2. The integrated system for manufacturing, packaging, and testing optical communication storage modules according to claim 1, characterized in that: The manufacturing modeling module includes a process acquisition submodule, a structure mapping submodule, a parameter modeling submodule, and a state simulation submodule. The process acquisition submodule uses manufacturing production line sensor information and adopts a real-time process parameter acquisition method to obtain mounting accuracy, welding temperature curve and fiber alignment offset data, and generates a manufacturing process dataset. The structure mapping submodule constructs a virtual manufacturing structure and generates a virtual structure mapping model based on the manufacturing process dataset using a digital twin structure mapping method. The parameter modeling submodule, based on the virtual structure mapping model, uses a multi-physics joint modeling method to construct the optical, electrical and thermal coupling relationship and generate a multi-physics coupled parameter model. The state simulation submodule, based on the multi-physics coupling parameter model, uses finite element simulation and ray tracing calculation methods to simulate the coupling state during the manufacturing stage and generate a manufacturing coupling model.
3. The integrated system for manufacturing, packaging, and testing optical communication storage modules according to claim 1, characterized in that: The encapsulation collaboration module includes a material analysis submodule, an optical path correction submodule, a stress assessment submodule, and a compensation calculation submodule. The material analysis submodule generates packaging material characteristic parameters based on the manufacturing coupling model and using a thermo-mechanical property analysis method for packaging materials. The optical path correction submodule generates optical path correction parameters based on the packaging material properties using an optical coupling offset compensation method.

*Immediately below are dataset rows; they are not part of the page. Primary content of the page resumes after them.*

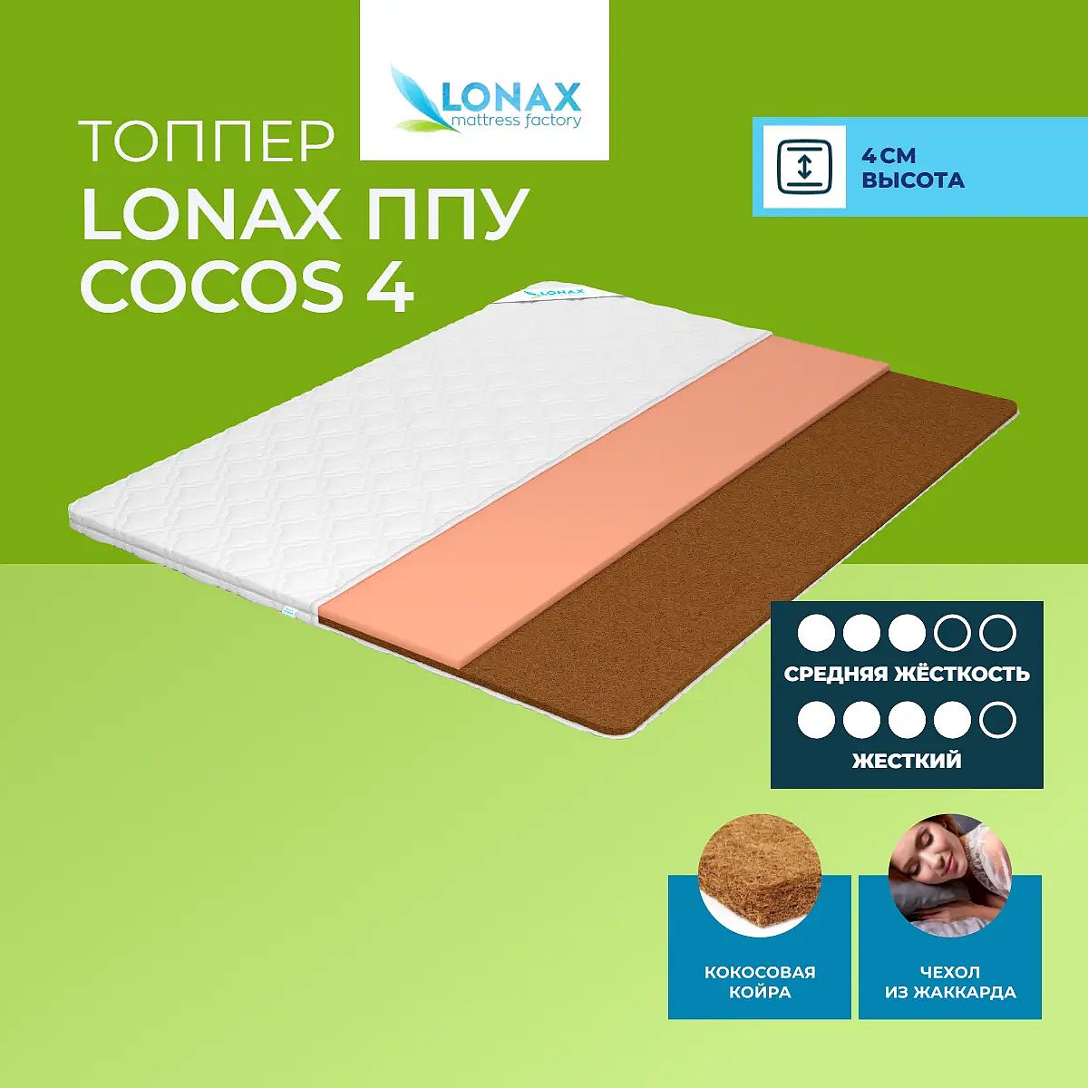 Тонкий матрас-топпер Lonax ППУ Cocos 4 поможет сделать спальное место более комфортным и адаптировать его под ваши предпочтения. Благодаря разным сторонам с отличающейся жесткостью (средняя и жесткая), вы сможете выбрать подходящий вариант поддержки для сна. Топпер подойдет для корректировки поверхности основного матраса, дивана или гостевого ложа, а также для выравнивания неровностей и повышения уровня комфорта. С одной стороны используется слой пенополиуретана (ППУ) толщиной 2 см — он придаёт мягкость и приятную упругость. Другая сторона выполнена из кокосовой койры (2 см), что обеспечивает дополнительную жёсткость и поддержку. Высота топпера — 4 см, что делает его универсальным решением для разных сценариев использования. Характеристики
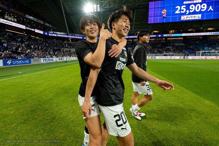 後半立ち上がりにフロンターレが先制点を奪い、その後もショートカウンターからチャンスを作るが追加点を奪うまでには至らず。するとメンバーチェンジで攻撃のパワーを強めてきた広島に終盤追いつかれる。しかしアディショナルタイムにコーナーキックの流れから佐々木がシュートを決め土壇場で勝ち越し、アウェイで大きな勝点3を手にした。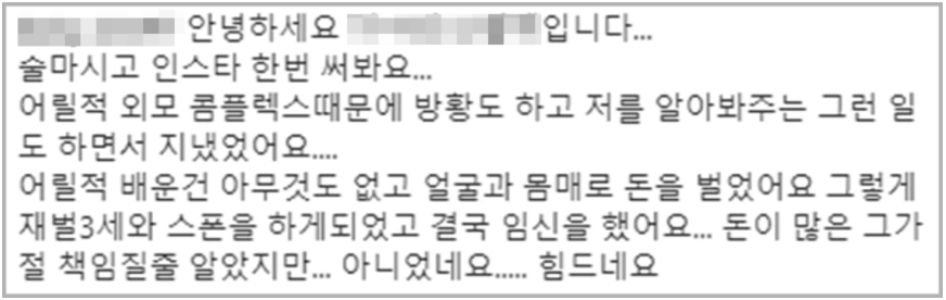 “안녕하세요, 술 마시고 인스타그램 글 한 번 써봐요. 어릴 적 외모 콤플렉스 때문에 방황도 하고 저를 알아봐주는 그런 일도 하면서 지냈어요. 어릴 적 배운 건 아무 것도 없고 얼굴과 몸매로 돈을 벌었어요. 그렇게 재벌 3세와 스폰을 하게 됐고 결국 임신을 했어요. 돈이 많은 그가 절 책임 질 줄 알았지만 아니었네요. 힘드네요.”

The stress assessment submodule generates packaging stress assessment results based on the optical path correction parameters using a thermo-mechanical stress assessment method. The compensation calculation submodule generates a set of packaging compensation parameters based on the packaging stress assessment results using an adaptive Kalman filter compensation method.
4. The integrated system for manufacturing, packaging, and testing optical communication storage modules according to claim 1, characterized in that: The test fusion module includes an optical parameter test submodule, a storage test submodule, a data synchronization submodule, and a feature construction submodule; The optical parameter testing submodule generates optical communication test data based on the encapsulation compensation parameter set and using optical communication performance testing methods. The storage test submodule generates storage performance test data based on the optical communication test data and using a storage access performance test method. The data synchronization submodule generates a synchronization test dataset based on the storage performance test data using a multi-source data time synchronization fusion method. The feature construction submodule generates a joint test feature set based on the synchronous test dataset using feature normalization and principal component analysis methods.

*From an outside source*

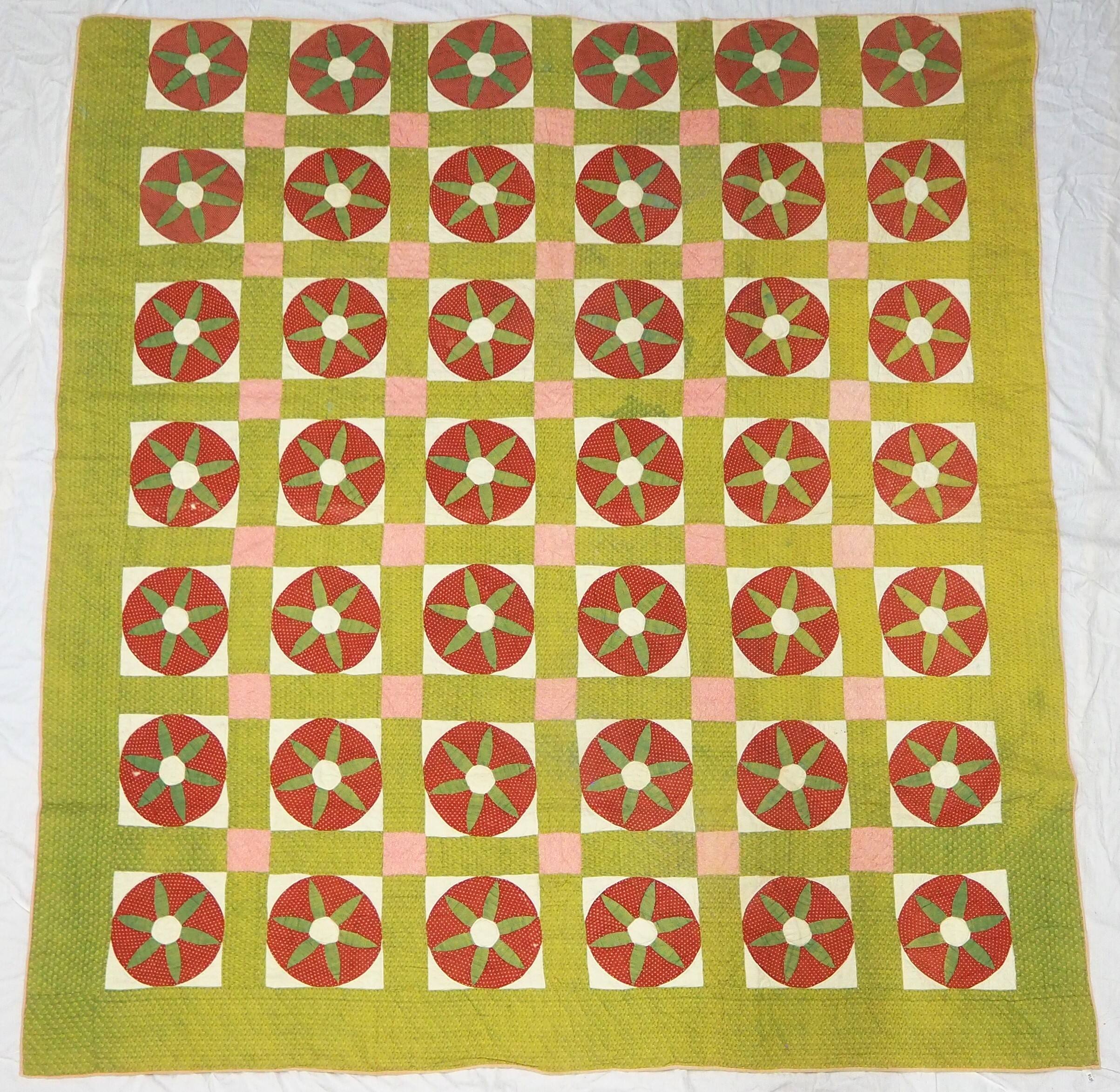 Combination patchwork, applique, and reverse applique quilt. Each block features a black-and-white dotted red cotton circle with inserted green print "leaves" around a central white circle, with white triangles added to make it a square. Sashing of a different green-on-green print cotton with boteh motif and clouded ground, with pink print squares diagonally where sashing "crosses".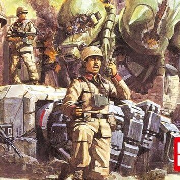 片膝立ちで拳銃と無線機を持ってる士官と分隊支援機関銃撃ってる兵士、ハードグラフのMS特技兵セットにあるゼエブ・コールドマン少尉とホエル・ラフエンテ伍長のポーズと似てるんよな…少尉たちの所属はコジマ大隊の対MS歩兵中隊だから、ここで吹き飛ばされてるのはそっくりさんか

5. The integrated system for manufacturing, packaging, and testing optical communication storage modules according to claim 1, characterized in that: The defect reasoning module includes a feature analysis submodule, a knowledge association submodule, a defect classification submodule, and a location determination submodule. The feature analysis submodule generates anomaly feature vectors based on the joint test feature set using a multidimensional feature statistical analysis method. The knowledge association submodule generates a defect association graph based on the abnormal feature vector using a process parameter knowledge graph association reasoning method. The defect classification submodule generates defect type determination results based on the defect association map using support vector machine or deep neural network classification methods. The location determination submodule generates defect tracing results based on the defect type determination result using a cross-stage defect location method.

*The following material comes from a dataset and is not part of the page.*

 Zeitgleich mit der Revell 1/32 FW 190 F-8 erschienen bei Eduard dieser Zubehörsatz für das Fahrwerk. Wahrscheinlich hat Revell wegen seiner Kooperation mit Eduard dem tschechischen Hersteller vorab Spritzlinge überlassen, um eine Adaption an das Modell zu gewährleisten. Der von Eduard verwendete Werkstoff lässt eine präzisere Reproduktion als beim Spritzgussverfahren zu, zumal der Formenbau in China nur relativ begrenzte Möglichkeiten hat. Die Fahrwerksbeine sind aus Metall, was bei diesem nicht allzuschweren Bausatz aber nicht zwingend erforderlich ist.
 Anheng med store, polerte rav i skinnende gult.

6. The integrated system for manufacturing, packaging, and testing optical communication storage modules according to claim 1, characterized in that: The optimization feedback module includes a parameter backtracking submodule, a strategy generation submodule, a process adjustment submodule, and a scheme output submodule. Based on the defect tracing results, the parameter backtracking submodule generates a set of key parameter deviations using a manufacturing-packaging parameter backtracking method. The strategy generation submodule generates an optimized strategy parameter set based on the key parameter deviation set using a model predictive control optimization method. The process adjustment submodule generates an optimized process configuration based on the optimization strategy parameter set using a closed-loop process parameter adjustment method. The output submodule generates a full-process optimization scheme based on the optimized process configuration.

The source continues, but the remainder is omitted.